Ist, apalagi itu maksud Laurel, sepertinya dia senang sekali karena Al sudah membuatku tidak berkutik seperti ini.


Cladia berkata dalam hati dengan mata sedikit melotot ke arah Laurel yang justru dengan buru-buru mengalihkan pandangan matanya setelah sebelumnya meringis ke arah Cladia.


“Cemburu? Buat apa cemburu terhadap laki-laki yang jelas-jelas hanya bisa memandang ke arahku saja? Kalau kamu berani membuatku cemburu, sepertinya malam ini terpaksa kamu tidur tanpa mendapatkan pelukan seperti biasanya.” Ornado sedikit melotot mendengar kata-kata Cladia yang tidak seperti biasanya, mulai berani.


“Amore mio, sepertinya kamu sudah mulai nakal ya.” Ornado berkata sambil mengacak pelan rambut Cladia, membuat Enzo yang sedari tadi melihat tindakan Ornado pada Cladia, dan dari arah lain berjalan ke arah mereka sambil membawa segelas minuman dingin, dengan sengaja mendekati mereka berdua.


“Ad, masih siang ini, bisa tidak kalian tidak terus menerus melakukan hal seperti itu di depan para lajang seperti aku ini. Entah kamu, entah Dave, apalagi Alvero, selalu membuat tubuhku panas dingin karena melihat kemesraan kalian. Ck ck ck ck, kalian bertiga benar-benar ahlinya dalam menyiksa kami para lajang, dengan memberikan pertunjukan erotis dengan pasangan kalian.” Enzo berkata dengan nada bersungut-sungut, pura-pura kesal.
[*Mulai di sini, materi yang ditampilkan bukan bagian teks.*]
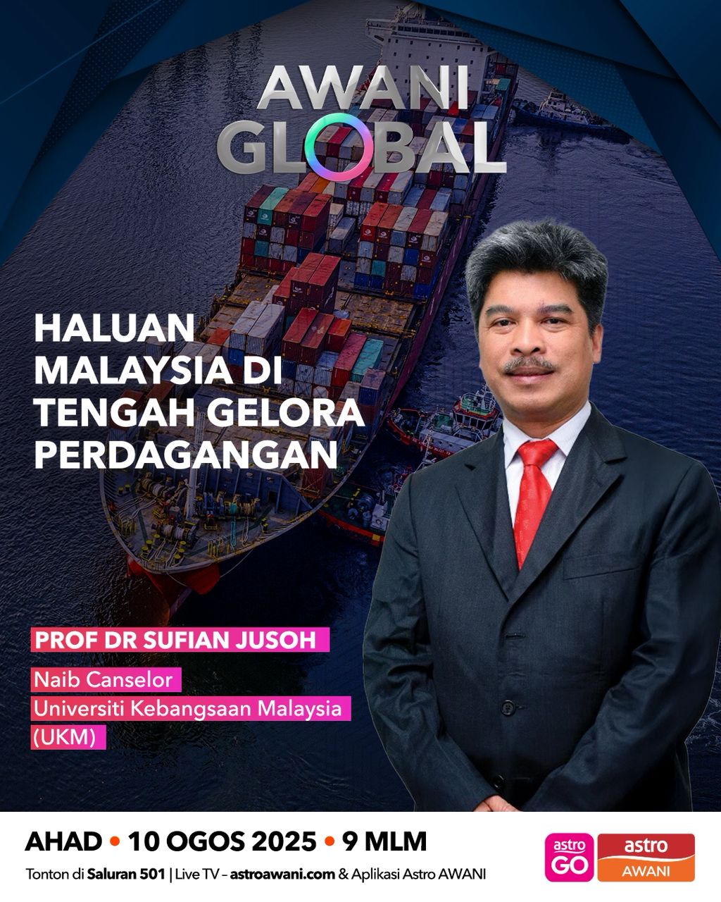 Profesor Sufian Jusoh, Naib Canselor UKM mengupas tentang usaha Malaysia untuk menangani cabaran perdagangan global yang semakin tidak menentu susulan tindakan unilateral Amerika Syarikat bersama hos, Nailah Huda dalam AWANI Global.

“Hei! Sembarangan saja bilang kami erotis!” Ornado langsung memukul lengan Enzo dengan gerakan yang pura-pura memukul sungguhan dengan tenaga penuh, membuat Enzo menanggapinya dengan pura-pura meringis, dan langsung pergi menjauhi Ornado.


# # # # # # #


“Haist! Benar-benar membuatku stress!” James mengomel sambil memandang ke arah berkas-berkas laporan keuangan yang tergeletak memenuhi meja kerjanya.


“Kalau begini terus, kapan aku bisa segera pulang dan bertemu Ele?” James kembali mengomel sambil menghempaskan tubuhnya dengan kasar ke sandaran kursi kerjanya dengan wajah frustasi.